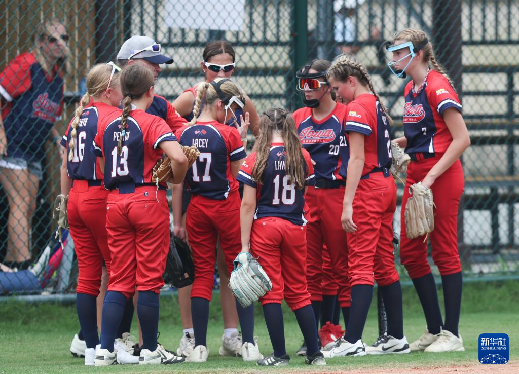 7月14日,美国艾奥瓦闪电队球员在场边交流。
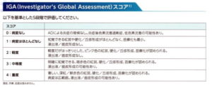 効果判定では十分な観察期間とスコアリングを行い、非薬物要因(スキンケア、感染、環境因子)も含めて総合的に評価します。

==

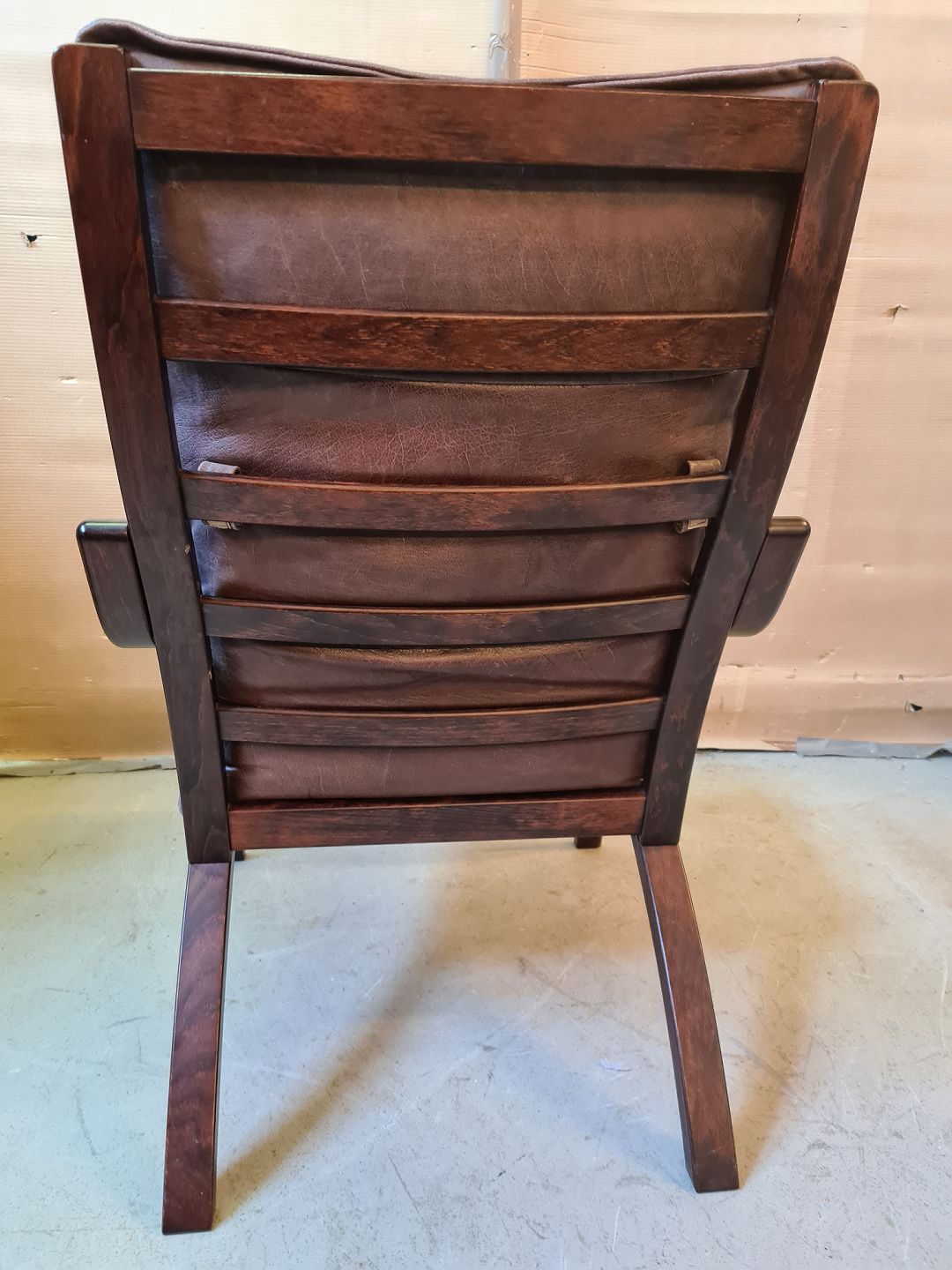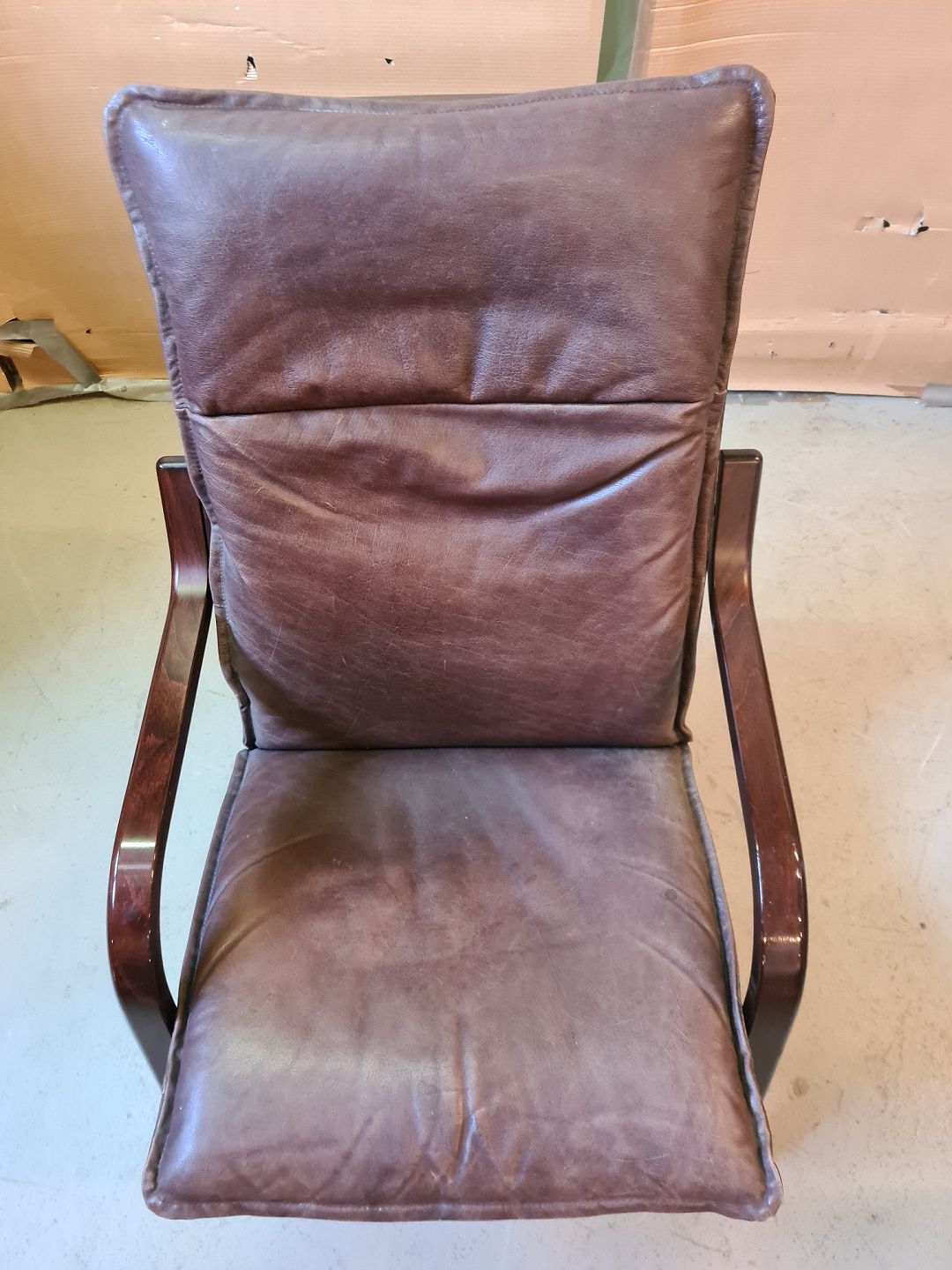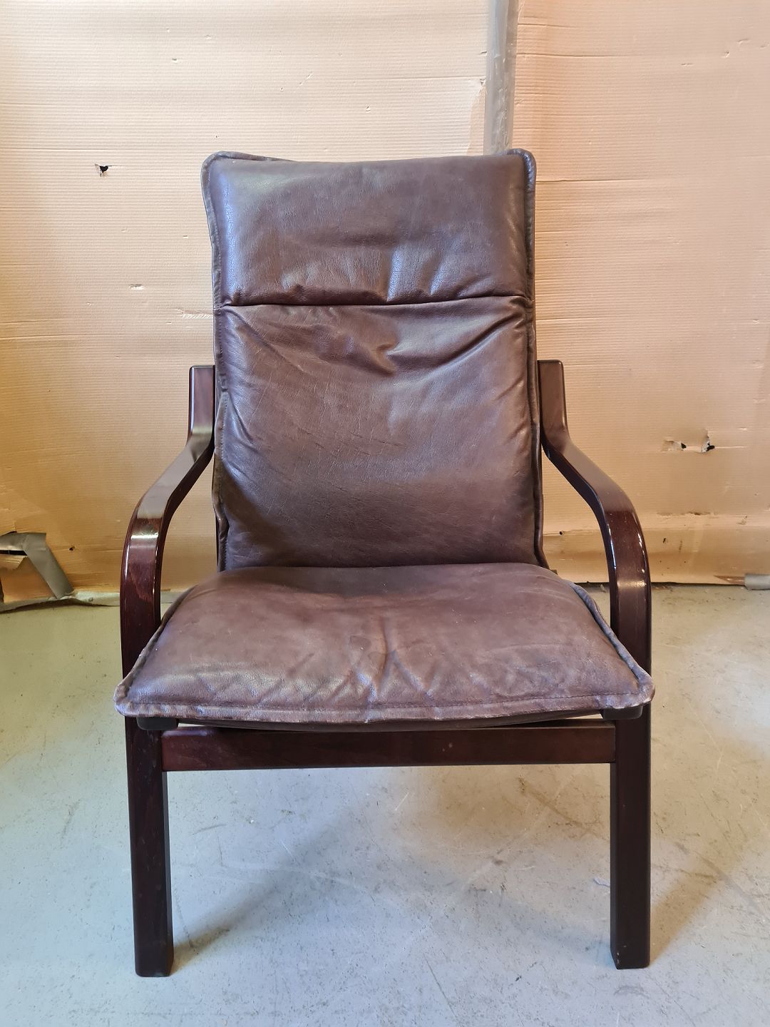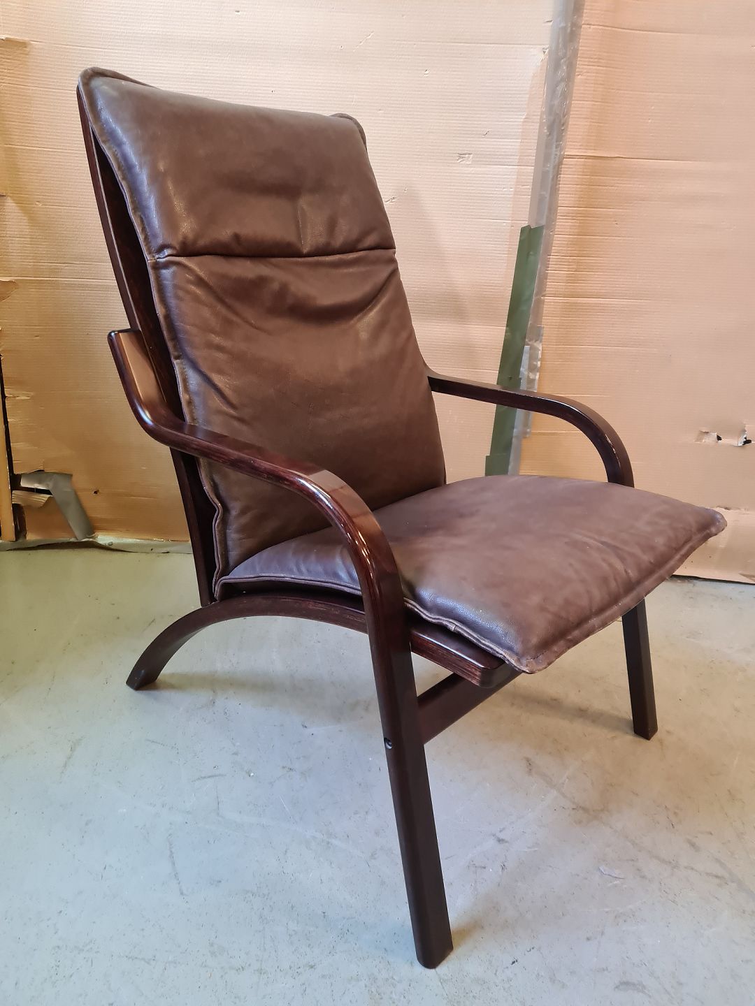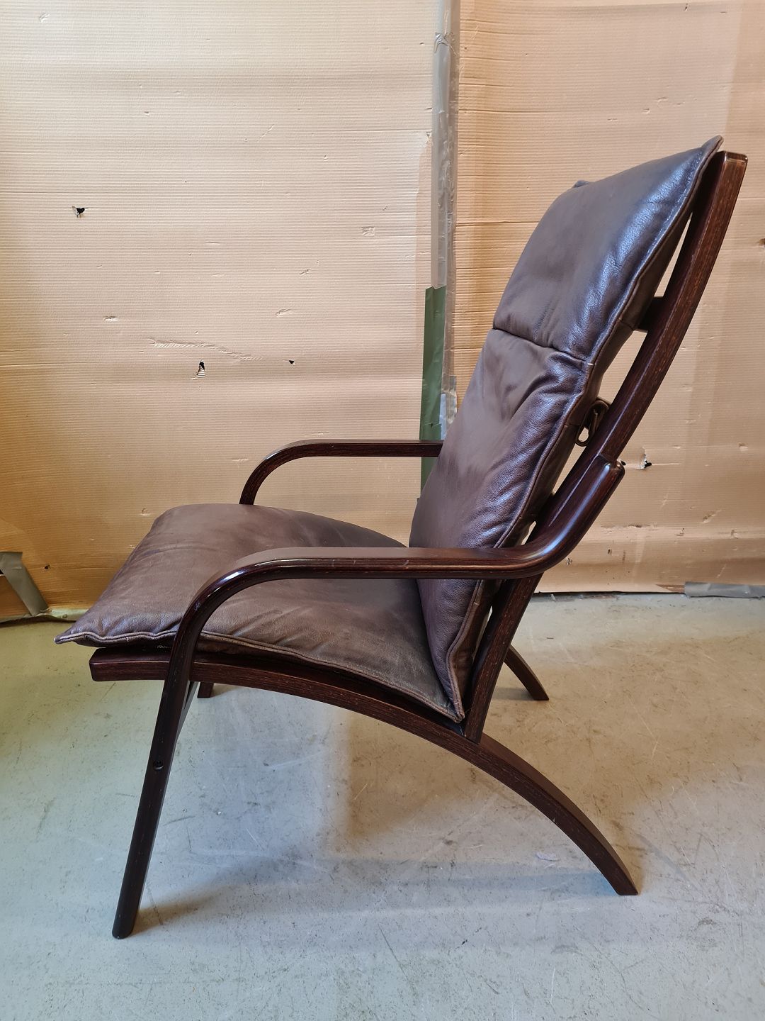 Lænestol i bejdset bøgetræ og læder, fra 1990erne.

WHAT IS REQUIRED:
In the data above, retype only the stretch from the line with "7月14日,美国艾奥瓦闪电队球员在场边交流。" through the line with "効果判定では十分な観察期間と", word for word, and skip any pictures.

EXERCISE RESULT:
 7月14日,美国艾奥瓦闪电队球员在场边交流。
 効果判定では十分な観察期間とスコアリングを行い、非薬物要因(スキンケア、感染、環境因子)も含めて総合的に評価します。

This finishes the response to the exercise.